Dissuasion : de la suggestion à la rétorsion

La vision américaine du cyberespace qui se laisse dévoiler peut, par certains aspects, être rapprochée de la posture de dissuasion nucléaire française : laisser volontairement des zones de flou sur le principe que les intérêts vitaux (de la Nation) ne sont jamais définis ouvertement. C’est le principe de la dissuasion, énoncé précédemment par Washington, avec en corollaire le fait de devoir renforcer et de muscler les principes de défense des réseaux gouvernementaux et militaires. Qui, on le sait malgré quelques réserves, sont soumis à un niveau de menaces (et d’attaques) réel, intensif et permanent. Avec la Chine, ce sont probablement les interfaces informatiques et de communication les plus attaquées au monde (des script-kiddies à certaines unités étrangères spécialisées).

Parmi les commentateurs qui s’interrogent sur les annonces américaines, certains y voient une sorte de grand écart entre une insuffisance (apparente) de moyens dédiés à l’offensif et la promesse de sérieuses mesures de rétorsion en cas de cyber-attaque, indiscutablement identifiée, ayant pour origine un État. Les (nombreuses) interrogations portent cependant sur :
- la fréquence de ce type d’attaques qui, pour le moment, semble difficile à qualifier et à mesurer;
- le type de mesures de rétorsion envisagées (officielles, clandestines, directes ou indirectes, etc.).
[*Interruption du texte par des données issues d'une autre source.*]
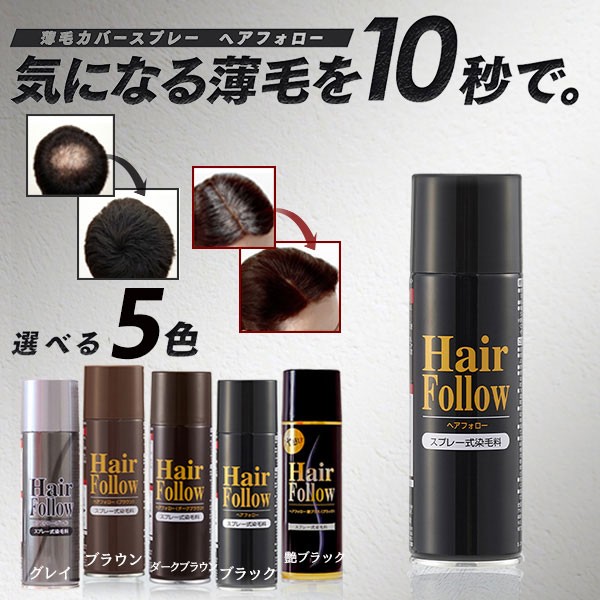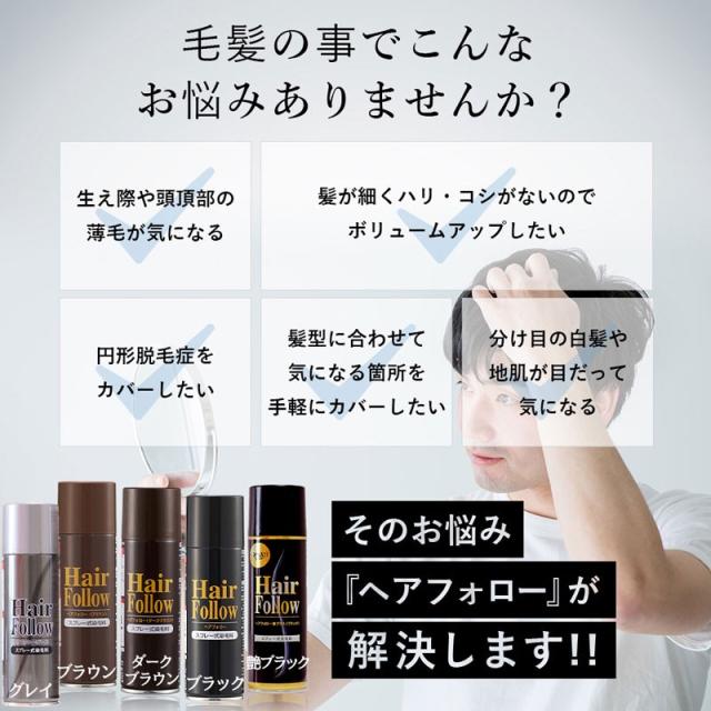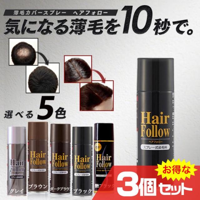 ヘアフォロー 3個セット スプレー式染毛料 ボリュームアップ 生え際 ブラック ダークブラウン ブラウン グレイ
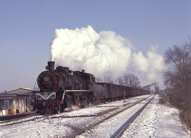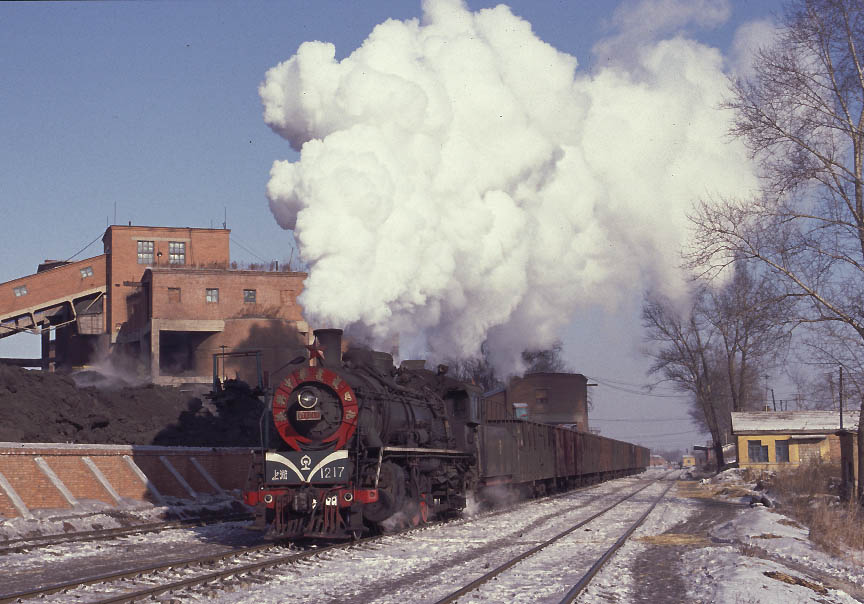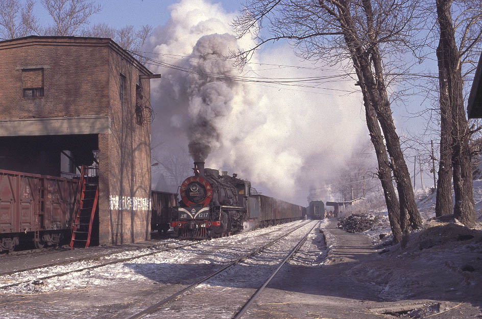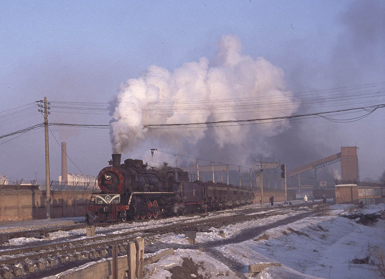 | My original plan was to ride the passenger train back to Yijing but as we arrived at Erjing a long train of empty wagons was waiting to enter into the mine yard. Time for a change of plan and a chance to catch SY1217 with its distinctive decorated smokebox as it started its heavy train. December 2004 |
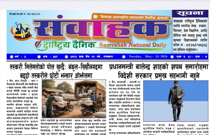 ई- पेपर संवाहक राष्ट्रिय दैनिक ~ई- पेपर~ २०८२ चैत्र १० गते दाश पन्न्नालाल २०८२, १० चैत्र मंगलवार ०६:५८ 70 Views Share SHARE यहाँ बाट डाउनलोड गर्नुहोस् ।238-1 प्रतिक्रिया दाश पन्न्नालाल २०८२, १० चैत्र मंगलवार ०६:५८ २०८२, १० चैत्र मंगलवार ०६:५८ Share This Article फेसबुक ट्विटर प्रतिलिपी गर्नुहोस प्रीन्ट ताजा अपडेट संवाहक राष्ट्रिय दैनिक ~ ई- पेपर ~ आज मिति २०८३ बैशाख ३ गते प्रकाशित ई- पेपर संवाहक राष्ट्रिय दैनिक ~ ई- पेपर~ आज मिति २०८३ बैशाख २ गते प्रकाशित इ पेपर संवाहक राष्ट्रिय दैनिक ~ई- पेपर~ आज मिति २०८३ बैशाख १ गते प्रकाशित ई- पेपर संवाहक राष्ट्रिय दैनिक ~ई- पेपर~ मिति २०८२ चैत्र ३० गते प्रकाशित ई- पेपर केपी ओली र लेखक १३ दिनपछि हिरासतमुक्त राजनीति राष्ट्रिय समाचार हेडलाईन कलैया जेलको जग्गामा सिडियोको कडा एक्सन ! प्रशासन समाचार हेडलाईन संवाहक राष्ट्रिय दैनिक ~ ई- पेपर~ मिति २०८२ चैत्र २६ गते प्रकाशित ई- पेपर
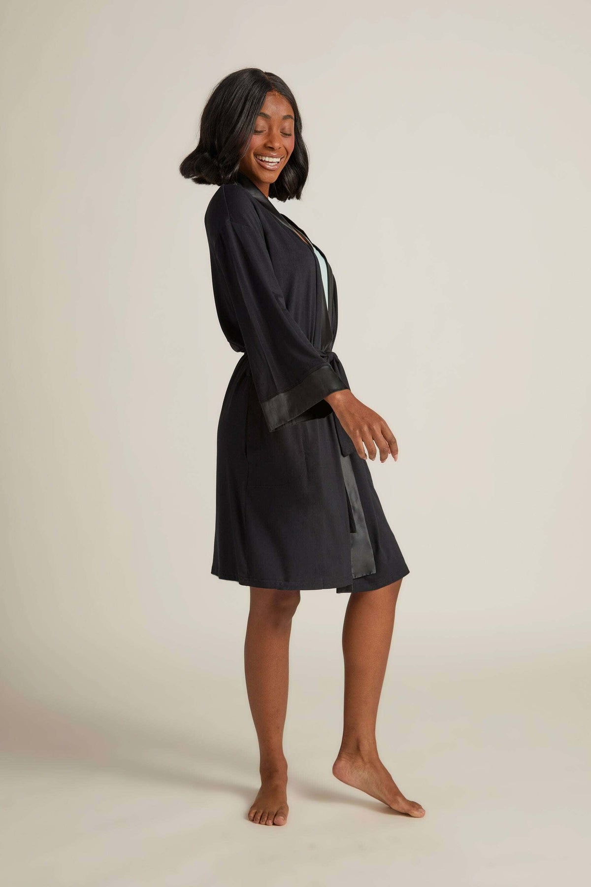 Elegant inspirations of a Kimono, elevated with the comfort of our signature bamboo. Finished with a wide satin trim and a waist tie.
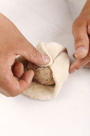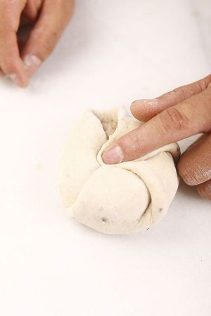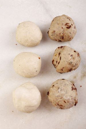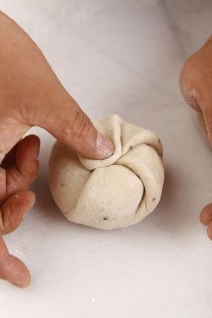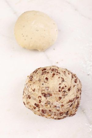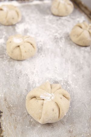 将放入坚果的面团分割成100克,基本面团分割成80克一个滚圆松弛20分钟。

Dissuasion ou suggestion appuyée ?

Conclusion

S’appuyant sur la stratégie élaborée par le Pentagone mais aussi sur les moyens dont disposent le DHS, la NSA voire la CIA (ces deux dernières « étrangement » absentes de toute communication officielle sur la cybersécurité), Washington donne l’apparence de siffler la fin de la récréation et cherche à impulser une dynamique coopérative en embarquant secteur privé et alliés sur l’échiquier mondial.

Sans aucune nouveauté ni même annonce majeure, on peut cependant souligner l’évolution vers une meilleure communication qui établit une vision structurante (le cyberespace est officiellement devenu un enjeu de sécurité nationale) et une stratégie associée : renforcement de la protection et avantages technologiques, dissuasion et mesures de rétorsion avec des moyens offensifs non-déclarés (ou simplement suggérés), partenariats privé-public, inter-agences et internationaux et mise en cohérence législative (simplification et couverture complète).

La militarisation déguisée ou avérée du cyberespace ne doit se faire au détriment des enjeux économiques (le business) et du respect de la vie privée des internautes, usagers quotidiens de la Toile. Là se situera probablement l’échec ou la réussite de la stratégie globale américaine en matière de cybersécurité dans les années qui viennent. C’est ce qui explique aussi sans doute pourquoi l’Exécutif américain a identifié ce thème comme l’une des priorités de la problématique cybersécurité. Charge aux législateurs de trouver les réponses équilibrées, si elles existent (!), afin de ne léser personne. Un défi qui, à moins d’un an de l’élection présidentielle américaine, s’annonce difficile mais passionnant.

EH, Si vis pacem para bellum

Sources images :
Superpuissances à la manœuvre (source)
Des partenariats traditionnels et d’autres plus novateurs ? (source)
Dissuasion ou suggestion appuyée ? (source)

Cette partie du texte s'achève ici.